**TASK OBJECTIVE**
Please output the following records exactly. Leave every image out.

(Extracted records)
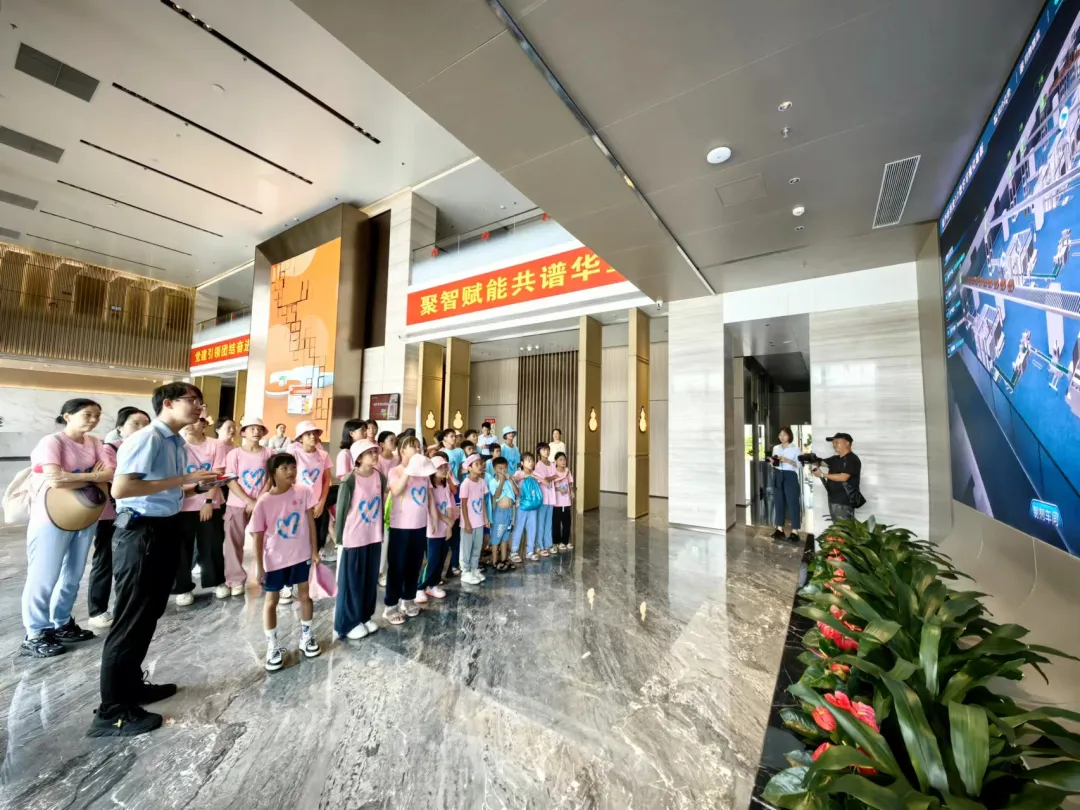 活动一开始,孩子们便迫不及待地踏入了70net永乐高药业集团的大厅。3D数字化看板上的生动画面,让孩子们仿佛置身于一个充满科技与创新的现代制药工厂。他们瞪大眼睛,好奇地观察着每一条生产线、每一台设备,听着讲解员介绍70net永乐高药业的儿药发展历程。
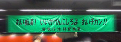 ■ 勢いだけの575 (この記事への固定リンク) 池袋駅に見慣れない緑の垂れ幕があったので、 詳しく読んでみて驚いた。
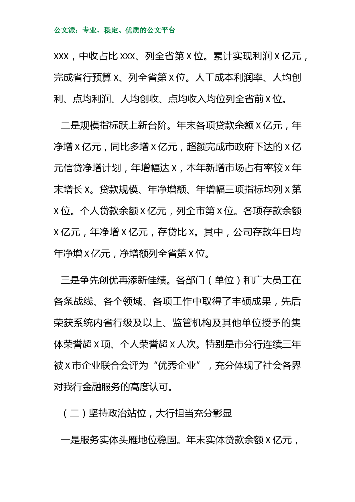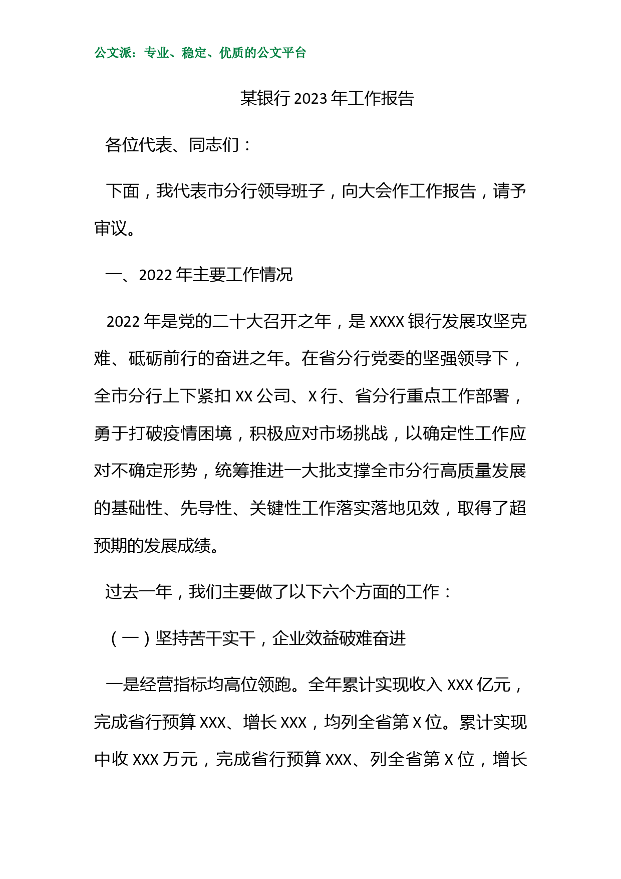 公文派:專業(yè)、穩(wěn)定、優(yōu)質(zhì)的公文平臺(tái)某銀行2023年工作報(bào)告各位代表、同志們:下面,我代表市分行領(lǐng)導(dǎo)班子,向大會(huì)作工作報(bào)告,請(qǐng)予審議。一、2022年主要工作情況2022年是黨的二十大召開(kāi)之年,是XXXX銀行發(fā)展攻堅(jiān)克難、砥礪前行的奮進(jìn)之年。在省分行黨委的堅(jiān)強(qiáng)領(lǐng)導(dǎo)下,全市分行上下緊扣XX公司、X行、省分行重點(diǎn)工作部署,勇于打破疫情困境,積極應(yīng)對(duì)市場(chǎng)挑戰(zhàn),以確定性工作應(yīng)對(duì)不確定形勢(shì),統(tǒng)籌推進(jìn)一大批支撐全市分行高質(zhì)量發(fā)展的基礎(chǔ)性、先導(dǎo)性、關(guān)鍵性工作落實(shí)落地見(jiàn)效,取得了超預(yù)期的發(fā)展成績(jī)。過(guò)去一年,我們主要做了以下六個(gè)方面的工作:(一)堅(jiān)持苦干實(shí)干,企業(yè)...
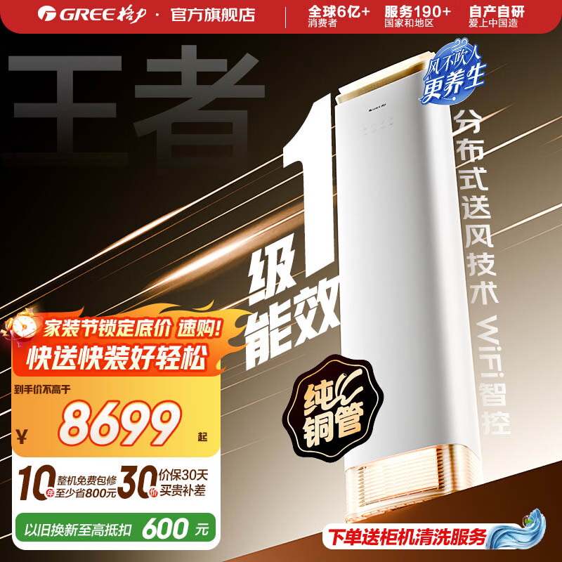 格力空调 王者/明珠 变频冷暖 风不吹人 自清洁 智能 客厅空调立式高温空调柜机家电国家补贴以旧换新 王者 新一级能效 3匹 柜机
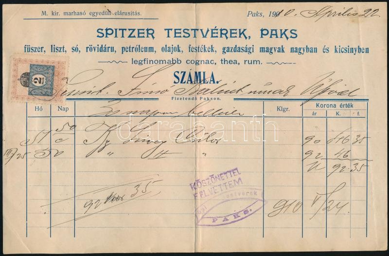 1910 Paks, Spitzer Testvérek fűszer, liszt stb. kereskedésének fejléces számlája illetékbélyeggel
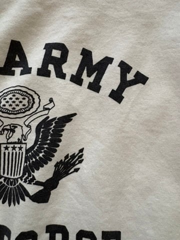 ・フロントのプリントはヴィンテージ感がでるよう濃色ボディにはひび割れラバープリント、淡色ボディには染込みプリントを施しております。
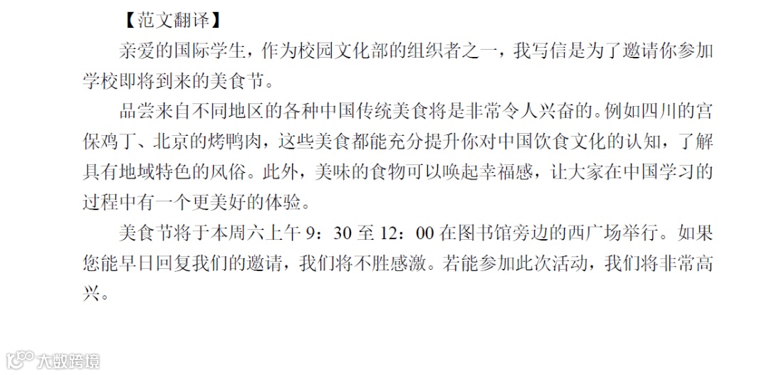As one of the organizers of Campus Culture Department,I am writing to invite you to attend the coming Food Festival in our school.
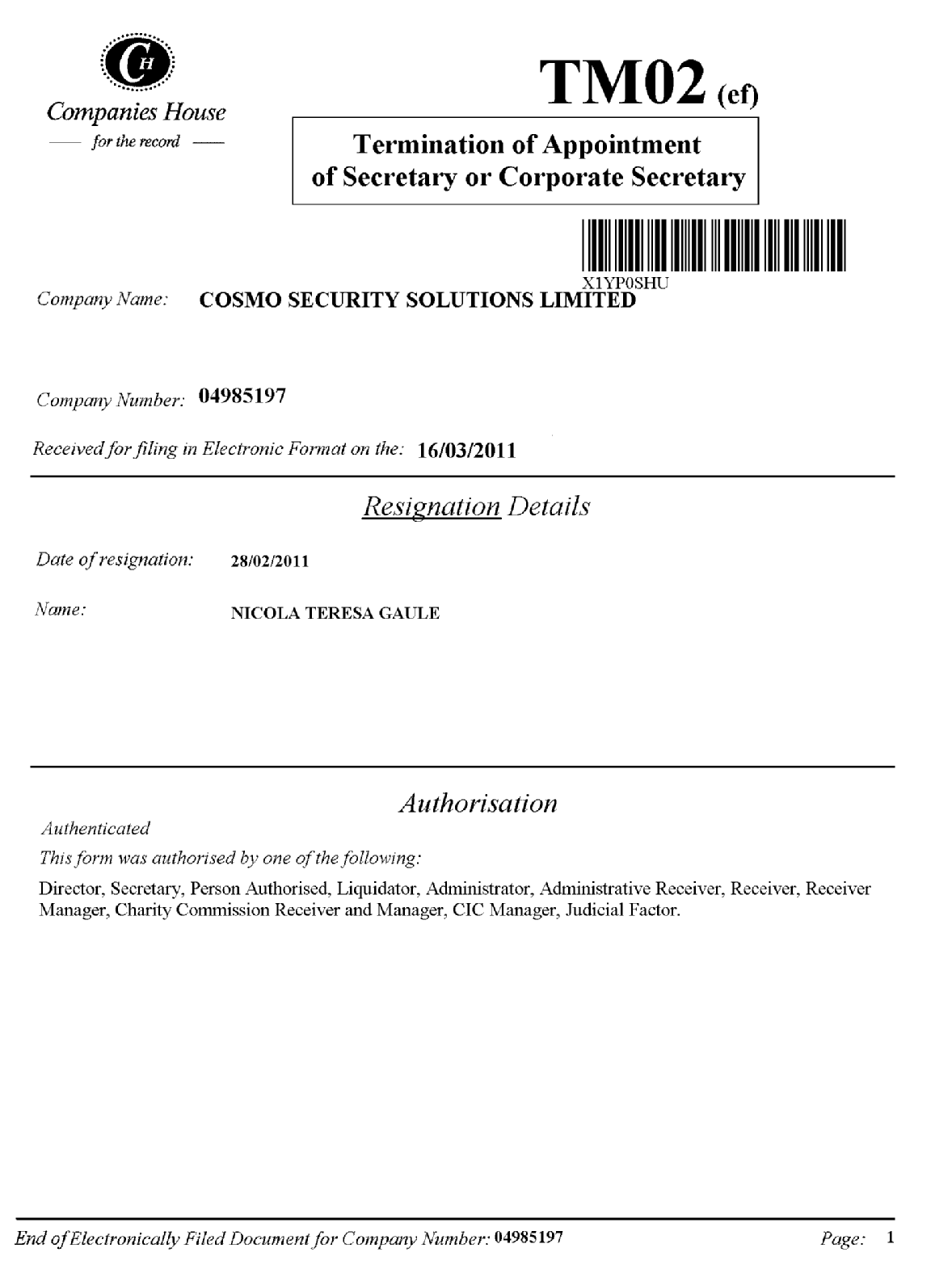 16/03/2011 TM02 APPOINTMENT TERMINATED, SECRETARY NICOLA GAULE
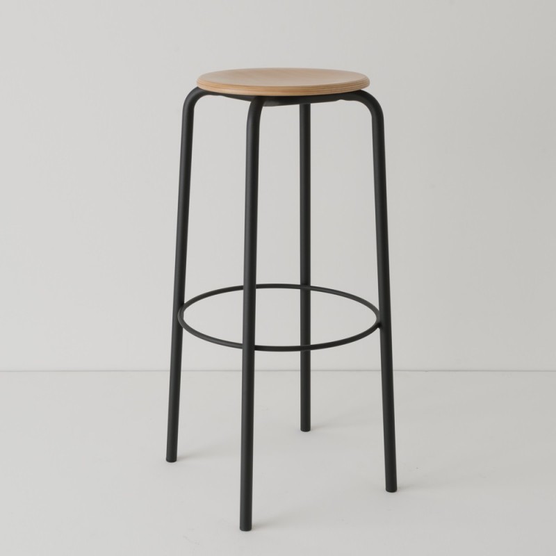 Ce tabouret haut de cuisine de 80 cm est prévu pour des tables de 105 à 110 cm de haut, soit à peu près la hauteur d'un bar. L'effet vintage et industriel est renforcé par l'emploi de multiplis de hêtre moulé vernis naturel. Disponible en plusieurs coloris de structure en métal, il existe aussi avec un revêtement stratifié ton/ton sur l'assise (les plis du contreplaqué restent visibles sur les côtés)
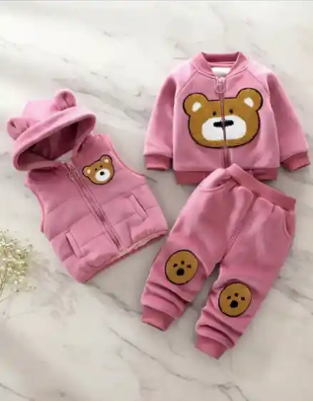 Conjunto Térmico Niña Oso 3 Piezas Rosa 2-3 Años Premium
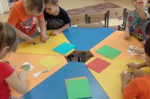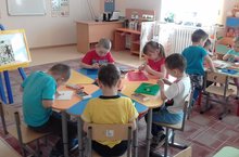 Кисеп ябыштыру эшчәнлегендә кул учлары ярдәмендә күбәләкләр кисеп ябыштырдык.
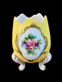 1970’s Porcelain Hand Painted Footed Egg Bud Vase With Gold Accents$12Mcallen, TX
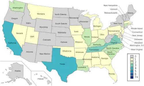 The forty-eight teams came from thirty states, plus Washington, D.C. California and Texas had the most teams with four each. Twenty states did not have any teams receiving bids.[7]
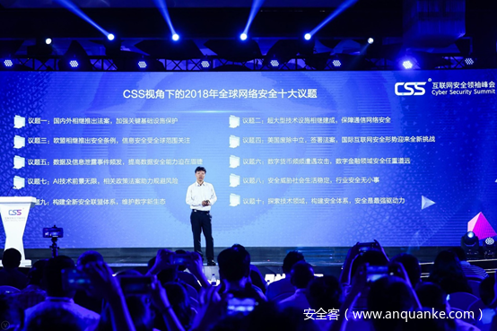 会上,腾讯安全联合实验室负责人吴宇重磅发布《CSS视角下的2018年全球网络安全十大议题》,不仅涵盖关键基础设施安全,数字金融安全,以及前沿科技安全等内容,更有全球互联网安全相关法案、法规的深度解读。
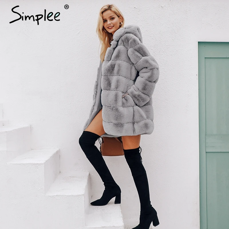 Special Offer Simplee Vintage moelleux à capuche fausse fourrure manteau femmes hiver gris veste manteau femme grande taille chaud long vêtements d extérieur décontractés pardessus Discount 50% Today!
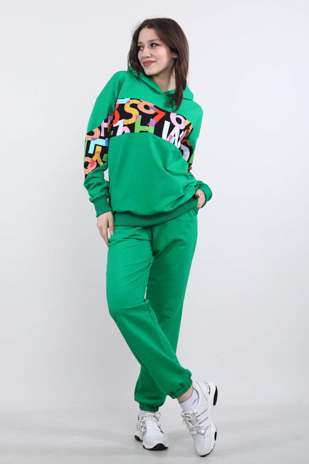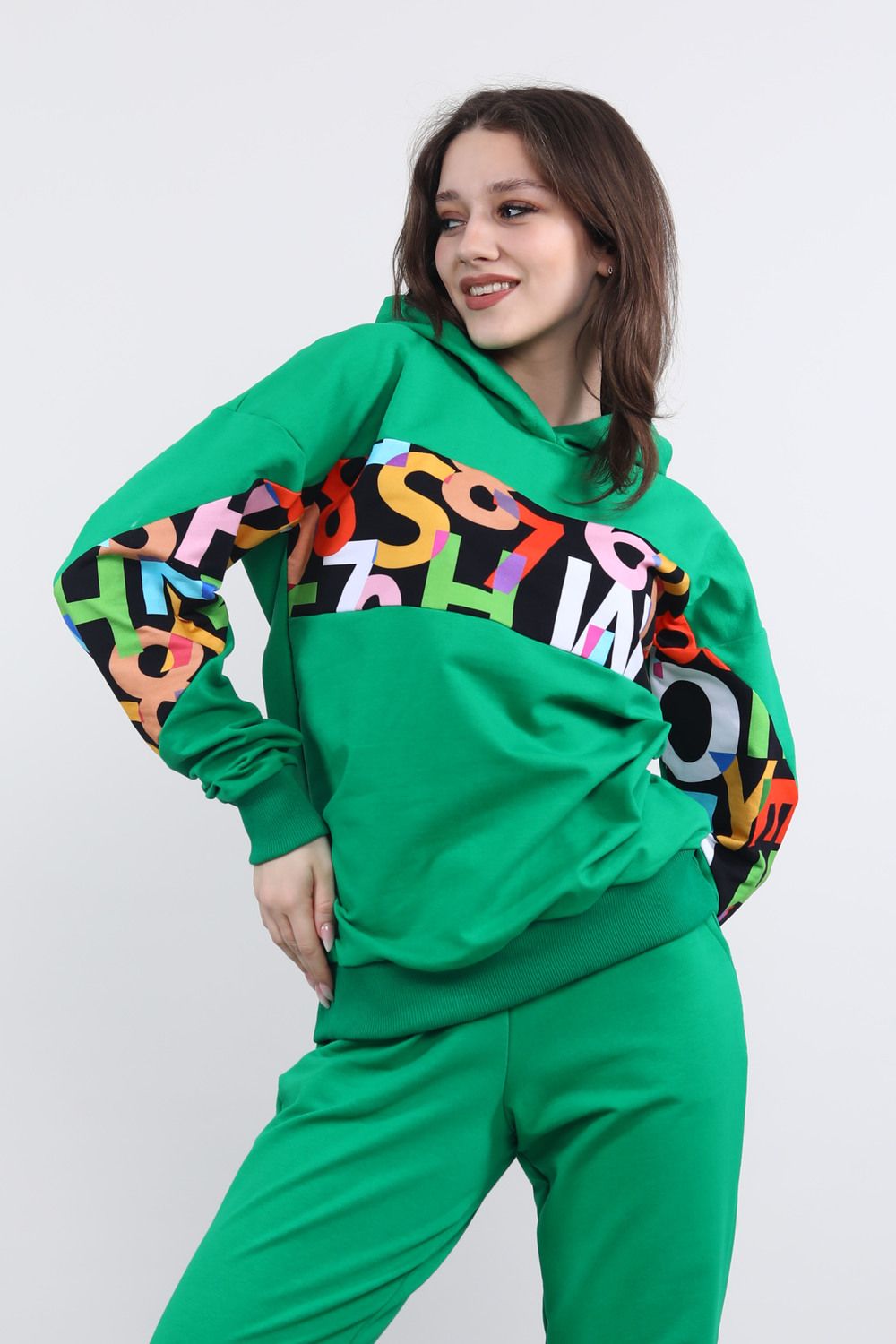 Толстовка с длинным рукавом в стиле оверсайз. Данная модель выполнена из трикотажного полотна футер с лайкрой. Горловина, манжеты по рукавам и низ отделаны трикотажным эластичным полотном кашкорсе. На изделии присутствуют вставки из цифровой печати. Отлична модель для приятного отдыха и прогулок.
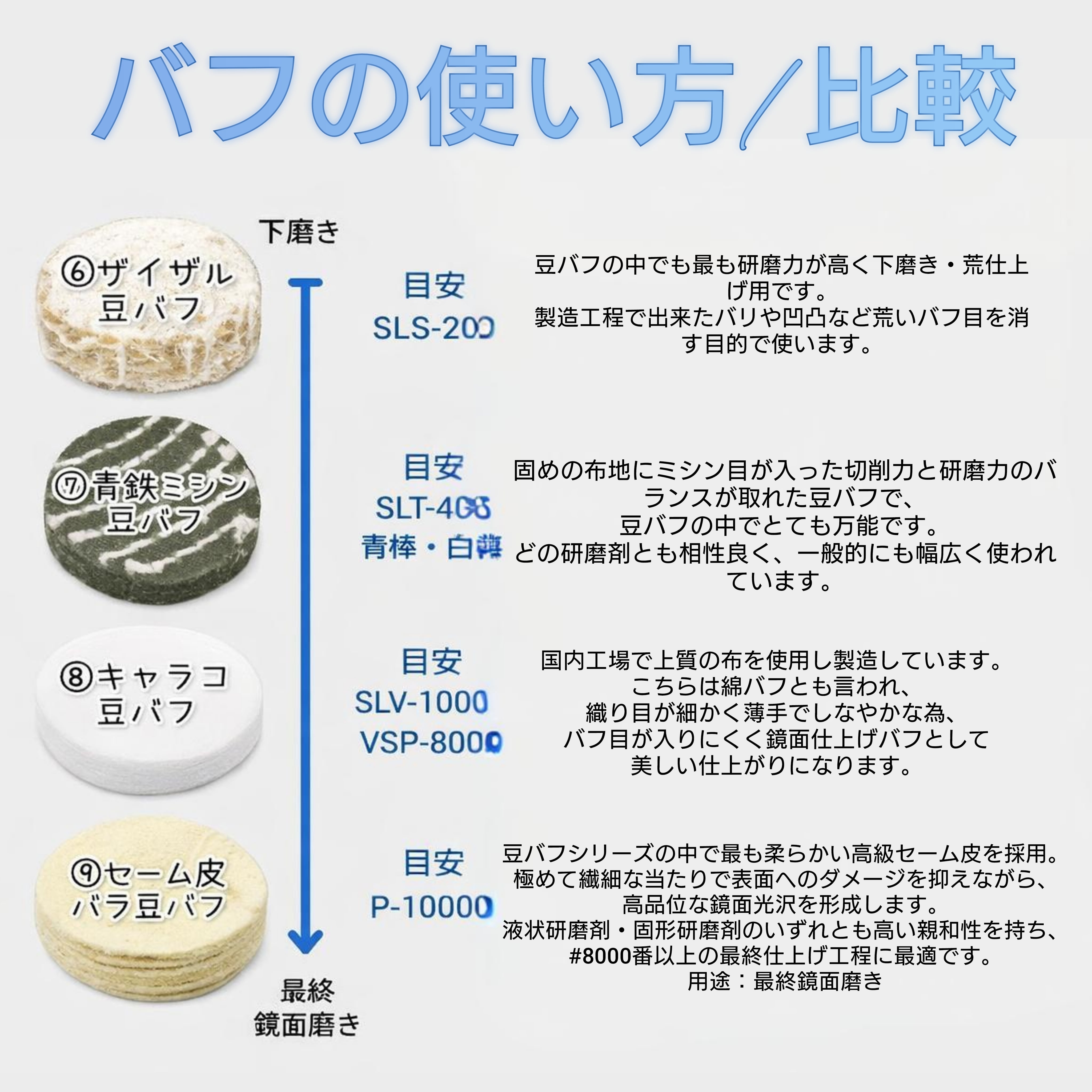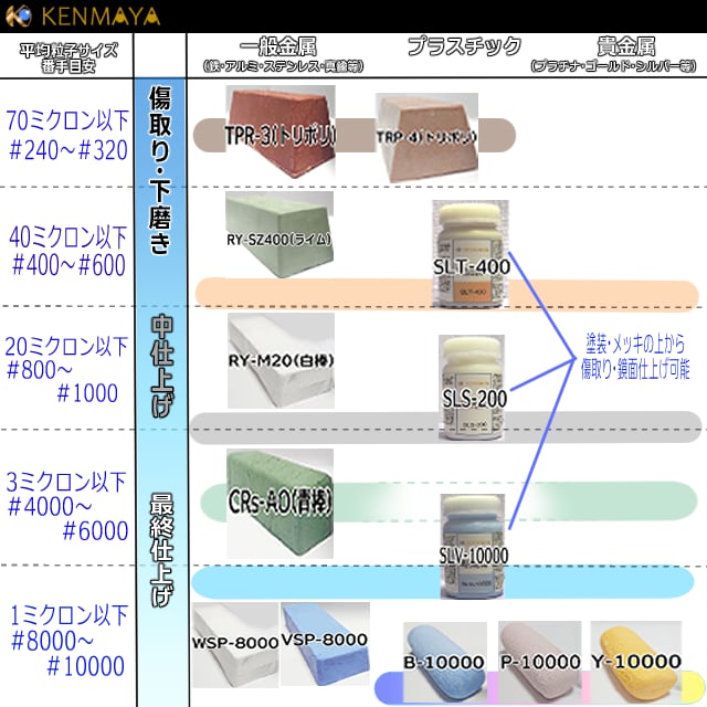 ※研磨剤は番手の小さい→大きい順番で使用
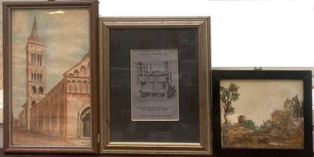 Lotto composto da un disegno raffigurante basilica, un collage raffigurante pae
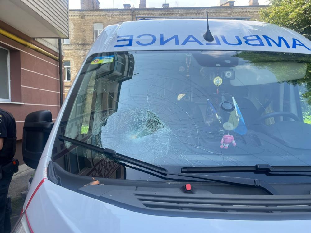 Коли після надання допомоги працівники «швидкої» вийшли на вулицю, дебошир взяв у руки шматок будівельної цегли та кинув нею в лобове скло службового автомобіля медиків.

**OUTPUT FOR THIS TASK**
 活动一开始,孩子们便迫不及待地踏入了70net永乐高药业集团的大厅。3D数字化看板上的生动画面,让孩子们仿佛置身于一个充满科技与创新的现代制药工厂。他们瞪大眼睛,好奇地观察着每一条生产线、每一台设备,听着讲解员介绍70net永乐高药业的儿药发展历程。
 ■ 勢いだけの575 (この記事への固定リンク) 池袋駅に見慣れない緑の垂れ幕があったので、 詳しく読んでみて驚いた。
 公文派:專業(yè)、穩(wěn)定、優(yōu)質(zhì)的公文平臺(tái)某銀行2023年工作報(bào)告各位代表、同志們:下面,我代表市分行領(lǐng)導(dǎo)班子,向大會(huì)作工作報(bào)告,請(qǐng)予審議。一、2022年主要工作情況2022年是黨的二十大召開(kāi)之年,是XXXX銀行發(fā)展攻堅(jiān)克難、砥礪前行的奮進(jìn)之年。在省分行黨委的堅(jiān)強(qiáng)領(lǐng)導(dǎo)下,全市分行上下緊扣XX公司、X行、省分行重點(diǎn)工作部署,勇于打破疫情困境,積極應(yīng)對(duì)市場(chǎng)挑戰(zhàn),以確定性工作應(yīng)對(duì)不確定形勢(shì),統(tǒng)籌推進(jìn)一大批支撐全市分行高質(zhì)量發(fā)展的基礎(chǔ)性、先導(dǎo)性、關(guān)鍵性工作落實(shí)落地見(jiàn)效,取得了超預(yù)期的發(fā)展成績(jī)。過(guò)去一年,我們主要做了以下六個(gè)方面的工作:(一)堅(jiān)持苦干實(shí)干,企業(yè)...
 格力空调 王者/明珠 变频冷暖 风不吹人 自清洁 智能 客厅空调立式高温空调柜机家电国家补贴以旧换新 王者 新一级能效 3匹 柜机
 1910 Paks, Spitzer Testvérek fűszer, liszt stb. kereskedésének fejléces számlája illetékbélyeggel
 ・フロントのプリントはヴィンテージ感がでるよう濃色ボディにはひび割れラバープリント、淡色ボディには染込みプリントを施しております。
As one of the organizers of Campus Culture Department,I am writing to invite you to attend the coming Food Festival in our school.
 16/03/2011 TM02 APPOINTMENT TERMINATED, SECRETARY NICOLA GAULE
 Ce tabouret haut de cuisine de 80 cm est prévu pour des tables de 105 à 110 cm de haut, soit à peu près la hauteur d'un bar. L'effet vintage et industriel est renforcé par l'emploi de multiplis de hêtre moulé vernis naturel. Disponible en plusieurs coloris de structure en métal, il existe aussi avec un revêtement stratifié ton/ton sur l'assise (les plis du contreplaqué restent visibles sur les côtés)
 Conjunto Térmico Niña Oso 3 Piezas Rosa 2-3 Años Premium
 Кисеп ябыштыру эшчәнлегендә кул учлары ярдәмендә күбәләкләр кисеп ябыштырдык.
 1970’s Porcelain Hand Painted Footed Egg Bud Vase With Gold Accents$12Mcallen, TX
 The forty-eight teams came from thirty states, plus Washington, D.C. California and Texas had the most teams with four each. Twenty states did not have any teams receiving bids.[7]
 会上,腾讯安全联合实验室负责人吴宇重磅发布《CSS视角下的2018年全球网络安全十大议题》,不仅涵盖关键基础设施安全,数字金融安全,以及前沿科技安全等内容,更有全球互联网安全相关法案、法规的深度解读。
 Special Offer Simplee Vintage moelleux à capuche fausse fourrure manteau femmes hiver gris veste manteau femme grande taille chaud long vêtements d extérieur décontractés pardessus Discount 50% Today!
 Толстовка с длинным рукавом в стиле оверсайз. Данная модель выполнена из трикотажного полотна футер с лайкрой. Горловина, манжеты по рукавам и низ отделаны трикотажным эластичным полотном кашкорсе. На изделии присутствуют вставки из цифровой печати. Отлична модель для приятного отдыха и прогулок.
 ※研磨剤は番手の小さい→大きい順番で使用
 Lotto composto da un disegno raffigurante basilica, un collage raffigurante pae
 Коли після надання допомоги працівники «швидкої» вийшли на вулицю, дебошир взяв у руки шматок будівельної цегли та кинув нею в лобове скло службового автомобіля медиків.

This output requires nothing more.